Possible risk assessment of intervention
Initially, an intervention with a dose of 150 mg of pycnogenol is started for 10 patients, and in the absence of clinical complications and observing the expected effect on the reduction of inflammatory markers, the same dose continues. Otherwise, it is reduced to 100 mg, if there is any adverse effect.
There have been no reports of serious adverse event in any clinical trials or commercial use of OLIGOPIN. However, these patients are regularly evaluated biochemically and clinically each day, and liver function test including serum levels of ALT (alanine aminotransferase) and AST (aspartate aminotransferase) checked. If there are any potential complications from intervention or, if the physician determines that the intervention should be discontinued, the supplements will be immediately removed from the patient's enteral nutrition.
Data collection
Data will be collected at four main times: at the base line, at 5th day of intervention, at 10th day of intervention and at the 28-day follow-up visit. At the base line demographic characteristics are gathered via a questionnaire. Anthropometric assessment including height (via ulna length), weight ( by using portable scale “Balas”), body mass index and body composition ( by using bio impedance device “Inbody”), are done at the base line, 5th day of intervention and at the end of intervention.
In order to evaluate inflammatory and oxidative stress markers, 10 cc of venous blood is taken from each patient at the base line, at the 5th day and at the end of the study. Then, the serum sample is isolated and used to measure the markers via ELISA kits. APACHE ІІ (for assessment of clinical status of patients) and Nutric questionnaires (for assessment of nutritional status) filled out at the base line, 5th day and the end of study. SOFA questionnaire (for assessment of organ failure) filled out every other day. The mortality rate will be asked by phone within 28 days of the start of the intervention.
SPIRIT diagram of recommended content for the schedule of enrolment, interventions, and assessments shown in figure 1.
Data management
Specially designed forms are completed by study staff at each time point, and scanned, verified and committed to a local site database within 48 h of completion. Completed forms are stored as the source documentation in a locked cabinet, with access restricted to specified study team members. The forms are identified by unique participant ID number and do not contain any patient identifiable information. Queries based on data in the database are generated daily, including date, range and logic checks.
Outcomes
The measurable outcomes summarized in table 3.
Statistical methods
The trial profile will be summarized using a CONSORT flow chart, including reasons for non-eligibility and non-enrolment (34).
The objective of this clinical trial is to determine if pycnogenol supplementation improves clinical and nutritional outcome in TBI patients admitted in ICU or not.
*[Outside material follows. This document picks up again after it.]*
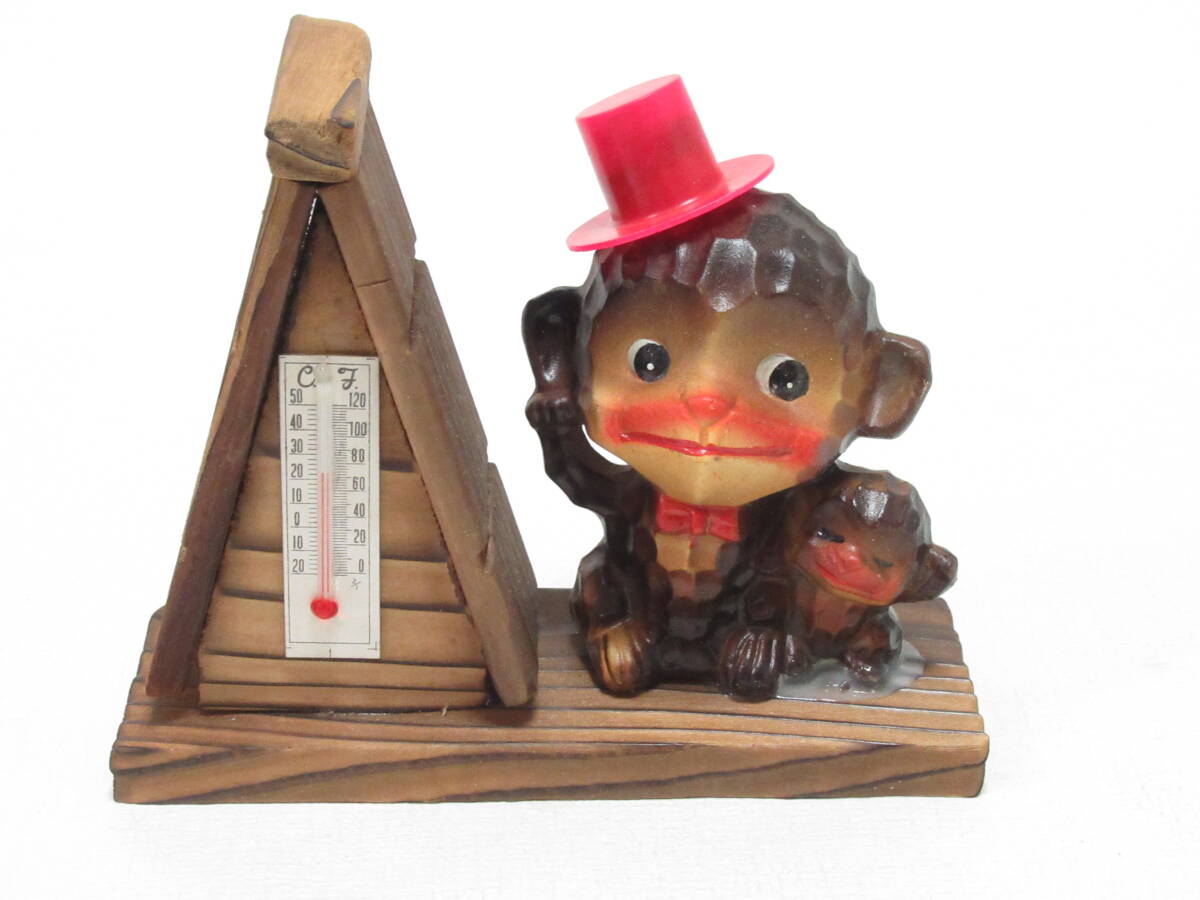 - 昭和レトロ おみやげ 温度計付き 置物 帽子が可愛い 木彫風の陶器のお猿さん /観光/Vintage KOKESHI DOLL Japanese Souvenir

To answer this question, the outcome of patients receiving PYC supplement will be compared with the outcome of patients receiving placebo.
All analyses will be conducted by initially assigned study arm in an intention-to-treat analysis, and adjusted for randomization site. Thus, all randomized patients who will receive at least one dose of study treatment and who will have both a baseline and at least one post baseline measurement will be analyzed. The data will be expressed as mean ± SD. Statistical analyses will be conducted with SPSS version 11.5 (SPSS Institute, Chicago, Ill). Chi-square test with Yates correction will be done for non-continuous variables for the prevalence study. Student t test will be done to assess the statistical significance of the continuous variables. Comparable nonparametric test (Mann-Whitney U test) will be substituted when tests for normality and equal variance failed. A value of P b .05 will be used as a criterion for statistical significance. Survival analysis will be performed with Kaplan-Meier test. The study design flow diagram summarized in figure 2.